> **Problem details**: From the material below, return exactly the lines starting at the one that holds "Комплектация | игровая" and ending at the one that holds "南充高中高2025级高一(上)第一次月考 物理.pdf". Pictures stay out of the answer.

[Input for this task Boundary: Start]

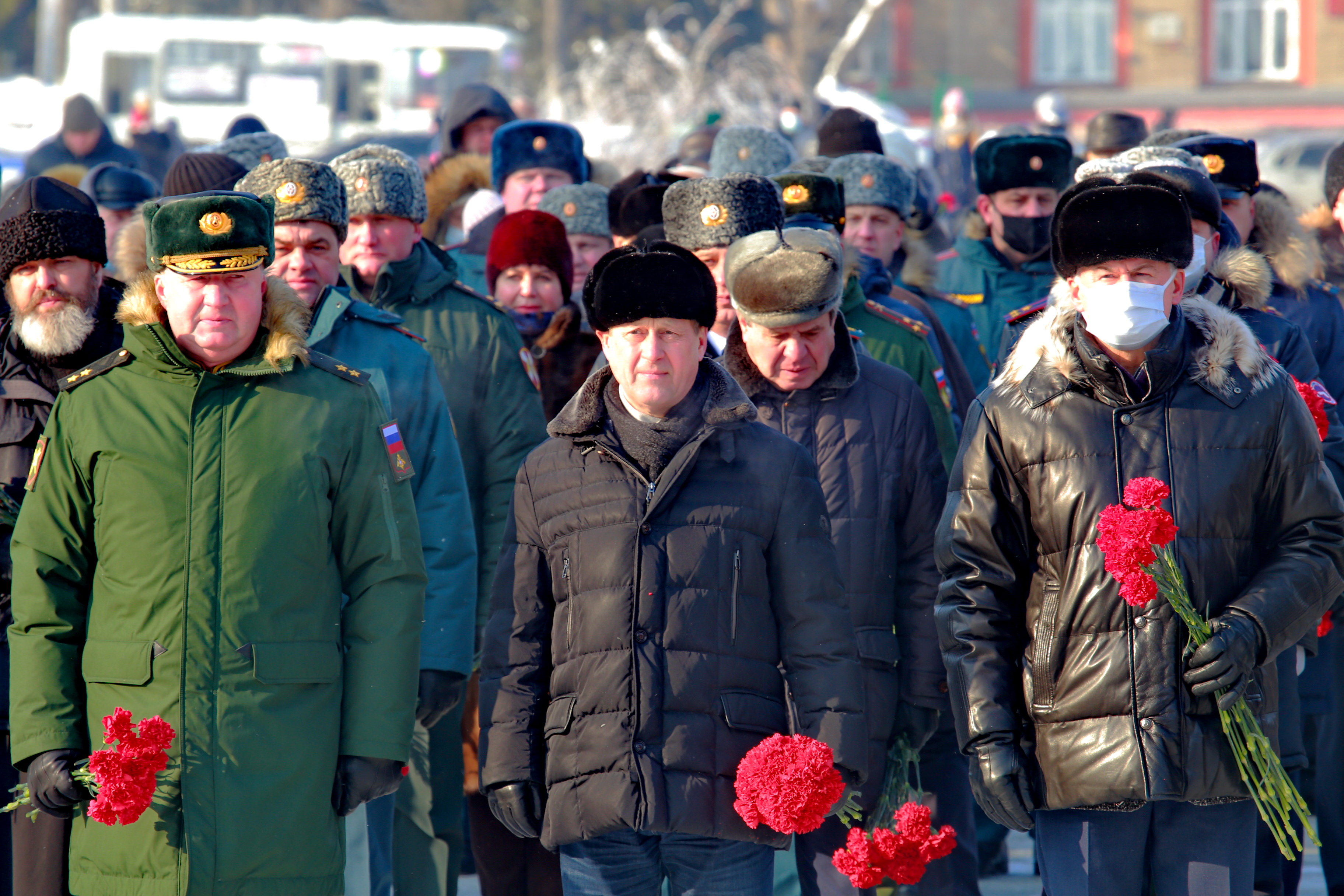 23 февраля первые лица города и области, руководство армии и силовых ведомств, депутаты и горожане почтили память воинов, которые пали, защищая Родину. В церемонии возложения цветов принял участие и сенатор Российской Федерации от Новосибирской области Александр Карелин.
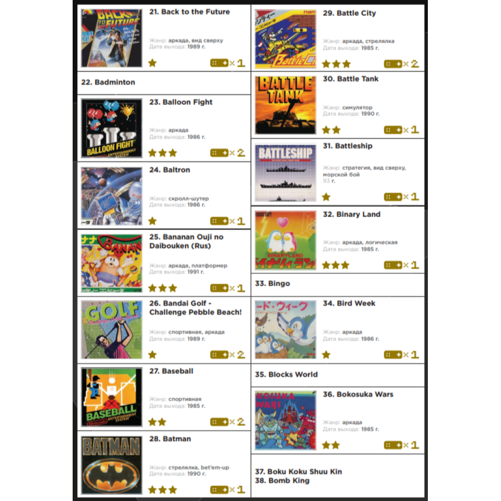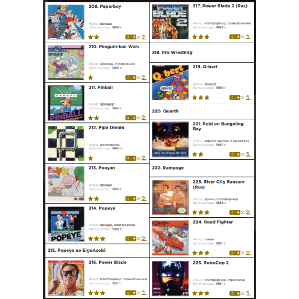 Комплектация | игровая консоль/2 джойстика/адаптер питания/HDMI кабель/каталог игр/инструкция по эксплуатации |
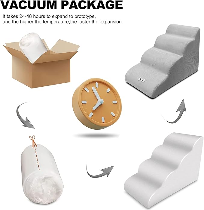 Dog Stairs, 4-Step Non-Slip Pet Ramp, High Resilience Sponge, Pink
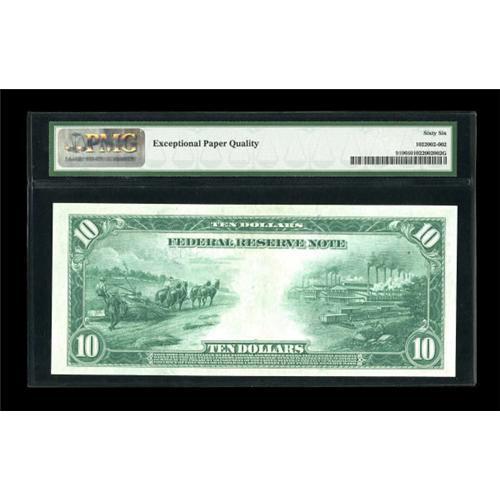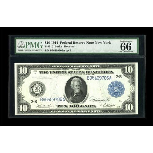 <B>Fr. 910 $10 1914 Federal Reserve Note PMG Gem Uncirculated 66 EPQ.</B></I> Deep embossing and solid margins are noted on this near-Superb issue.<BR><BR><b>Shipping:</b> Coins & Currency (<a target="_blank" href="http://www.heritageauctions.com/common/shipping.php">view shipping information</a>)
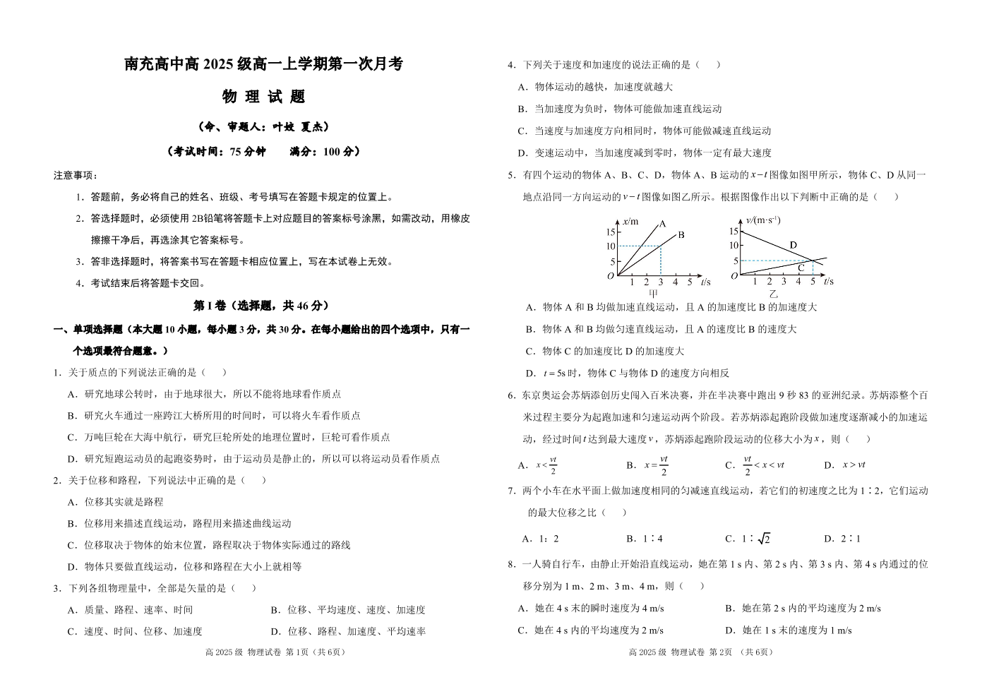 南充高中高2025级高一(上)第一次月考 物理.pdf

[Input for this task Boundary: End]
[Input for this task Boundary: Start]

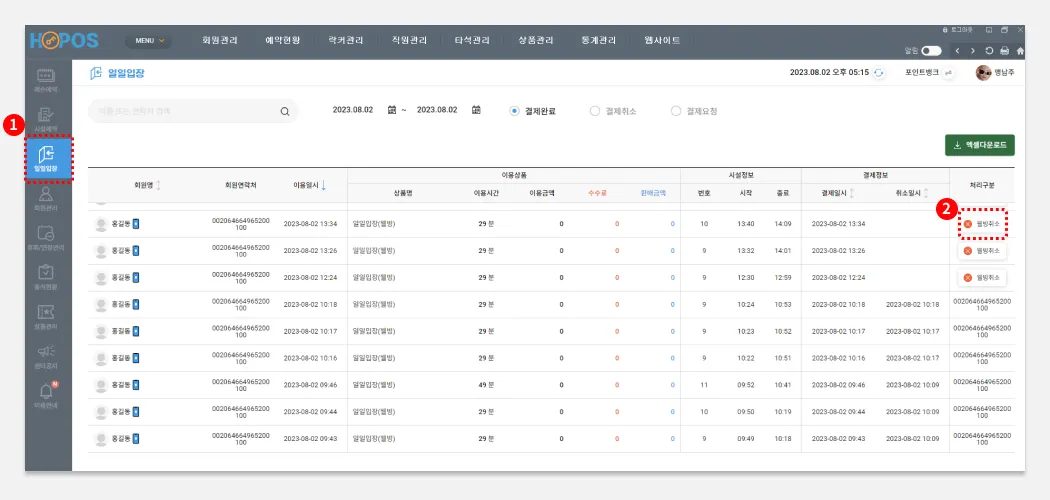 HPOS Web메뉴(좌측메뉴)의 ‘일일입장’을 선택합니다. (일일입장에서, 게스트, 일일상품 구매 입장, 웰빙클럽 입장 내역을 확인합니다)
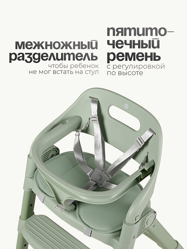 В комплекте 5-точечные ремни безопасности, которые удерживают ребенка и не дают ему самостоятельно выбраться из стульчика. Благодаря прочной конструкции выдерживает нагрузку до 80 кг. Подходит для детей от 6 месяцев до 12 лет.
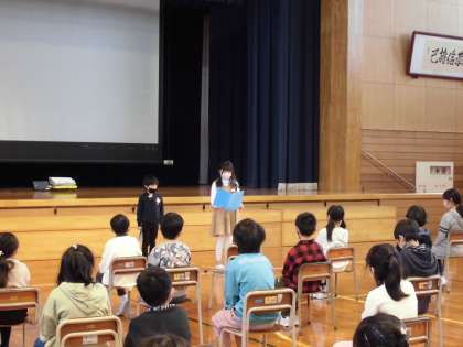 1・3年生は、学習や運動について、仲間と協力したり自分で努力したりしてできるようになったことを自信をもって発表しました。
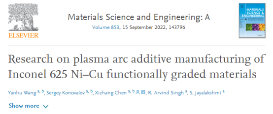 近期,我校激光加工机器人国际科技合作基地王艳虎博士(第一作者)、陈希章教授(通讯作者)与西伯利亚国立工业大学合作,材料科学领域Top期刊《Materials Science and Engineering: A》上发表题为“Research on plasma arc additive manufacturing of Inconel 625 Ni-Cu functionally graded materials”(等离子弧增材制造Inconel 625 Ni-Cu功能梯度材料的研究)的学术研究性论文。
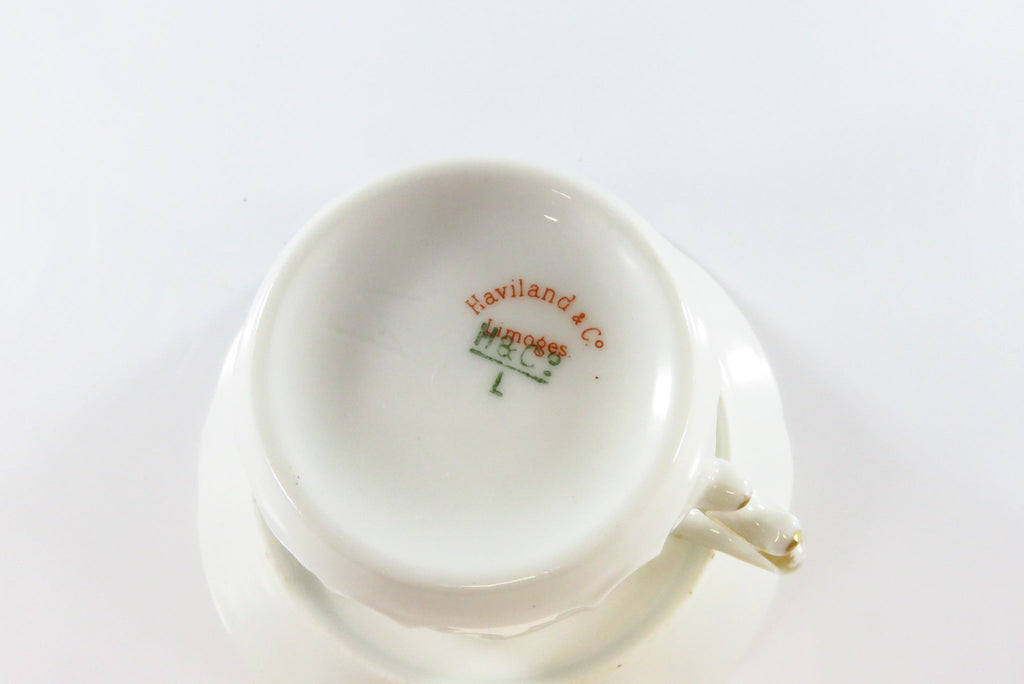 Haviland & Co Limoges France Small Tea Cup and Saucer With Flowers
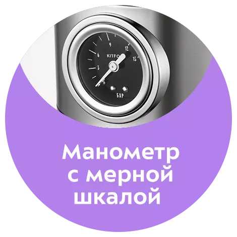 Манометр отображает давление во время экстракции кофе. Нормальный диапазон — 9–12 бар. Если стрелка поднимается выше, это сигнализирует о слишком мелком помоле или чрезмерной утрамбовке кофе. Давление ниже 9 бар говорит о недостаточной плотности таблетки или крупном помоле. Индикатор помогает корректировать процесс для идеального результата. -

[Input for this task Boundary: End]
[Input for this task Boundary: Start]

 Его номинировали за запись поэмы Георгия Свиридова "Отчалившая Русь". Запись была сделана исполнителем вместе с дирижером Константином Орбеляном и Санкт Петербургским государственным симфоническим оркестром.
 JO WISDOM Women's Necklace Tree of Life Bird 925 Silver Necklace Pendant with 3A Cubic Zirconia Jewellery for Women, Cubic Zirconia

[Input for this task Boundary: End]

> **Solved problem**:
 Комплектация | игровая консоль/2 джойстика/адаптер питания/HDMI кабель/каталог игр/инструкция по эксплуатации |
 Dog Stairs, 4-Step Non-Slip Pet Ramp, High Resilience Sponge, Pink
 <B>Fr. 910 $10 1914 Federal Reserve Note PMG Gem Uncirculated 66 EPQ.</B></I> Deep embossing and solid margins are noted on this near-Superb issue.<BR><BR><b>Shipping:</b> Coins & Currency (<a target="_blank" href="http://www.heritageauctions.com/common/shipping.php">view shipping information</a>)
 南充高中高2025级高一(上)第一次月考 物理.pdf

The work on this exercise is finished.